- Official DVD cover

ビデオ戦士レザリオン (Bideo Senshi Rezarion)
- Genre: Action, adventure, Mecha, science fiction Cyberpunk
- Created by: Saburō Yatsude
- Directed by: Kozo Morishita
- Music by: Michiaki Watanabe
- Studio: Toei Animation
- Licensed by: NA: Discotek Media;
- Original network: TBS
- Original run: March 4, 1984 – February 3, 1985
- Episodes: 45

= Video Warrior Laserion =

Japanese anime television series

Video Warrior Laserion (ビデオ戦士レザリオン, Bideo Senshi Rezarion) is a Japanese anime television series animated by Toei Animation. It aired on TBS from March 4, 1984, to February 3, 1985 with a total of 45 episodes. It is also referred to as Rezarion, Laserion and its literal translation Video Senshi Laserion. It was broadcast in Latin America as El Super Lasser.
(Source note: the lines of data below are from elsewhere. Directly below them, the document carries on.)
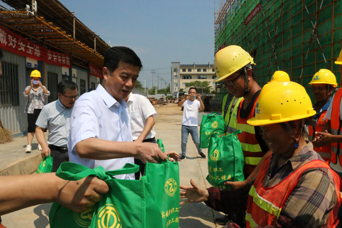 在项目施工现场,区委书记吴旭光代表区委区政府向在高温下作出辛勤工作的工人们表示深深的敬意,将防暑降温物品送到他们手中,并叮嘱他们要劳逸结合,注意身体健康。并要求项目部要科学安排作息时间,制定高温应急预案,加强施工现场安全管理,确保高温时期工地安全生产形势稳定。
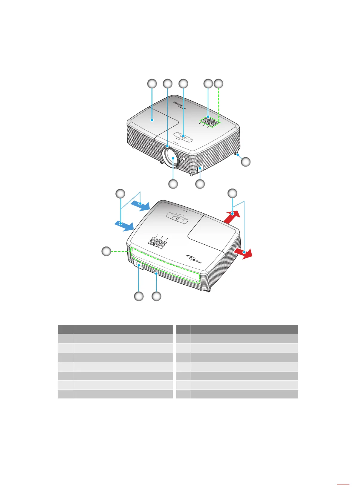Do not block projector inlet or outlet air vents.Note:
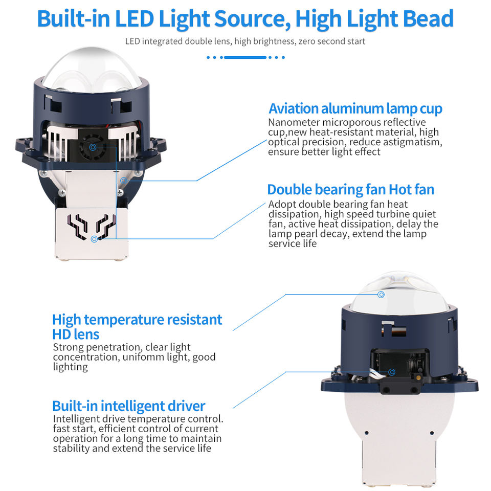 Bombilla de Faro Proyector Bi-LED H4 Sunshiny, 1000m+ de Brillo, Refrigeración con Doble Ventilador, Aleación de Aluminio Duradera, 3 Pulgadas, Mejora de Iluminación para Automóviles
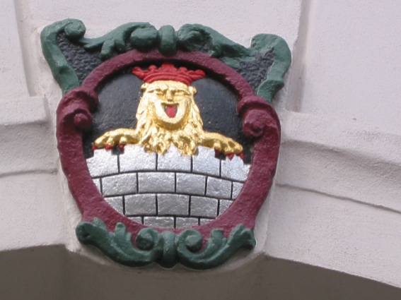 Zeulenrodaer Stadtwappen über einem Torbogen am Rathaus
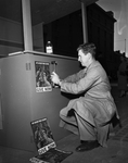 Grand opening - George Kendall of 1201 Orange, chief custodian of the North Texas National Defense Blood Center, puts the finishinig touches to the center's sidewalk booth. Located at W. 7th St. and Throckmorton, the booth will open Wednesday to recruit blood donors for the center.
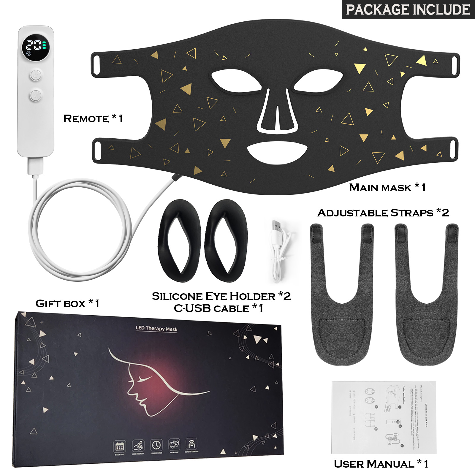 • Lightweight and Comfortable: The adjustable straps holds the led mask firmly in place.Portable size face mak and rechargeable remote control allows you enjoy comfortable,safe,assured and professional skin care experience at home or anywhere anytime
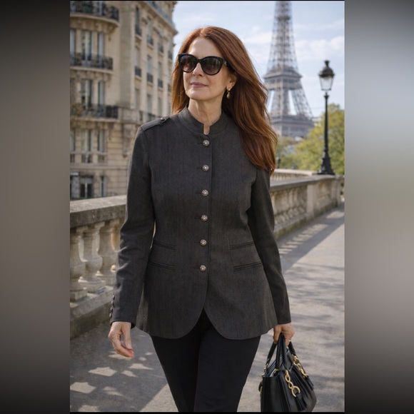 Stylish grey military style blazer with button details. PTP- 22”. In pristine condition.

In South Korea, a pirated version was made based on the Japanese footage and aired under the title Video Ranger 007.

==Overview==
===Story===

The anime is set in the future where the Earth is unified under a world government called the Earth Federation; and is centered on young middle school student Takashi Katori and his classmate/best friend/love interest, Olivia Lawrence. Takashi, who began as a mere online game fan, developed a small virtual world with his friend David from New York City, in which they played their robot combat game. They would play by sending data to each other using satellite technology. One day while they were playing, a scientific experiment using the same satellite was being conducted involving teleporting an American plane from New York to Japan. In a freak accident caused by an explosion during a rebellion by people of the moon who attacked Earth, the plane that was converted into digital information was sent to the virtual world while Takashi's robot information was rematerialized into a real robot.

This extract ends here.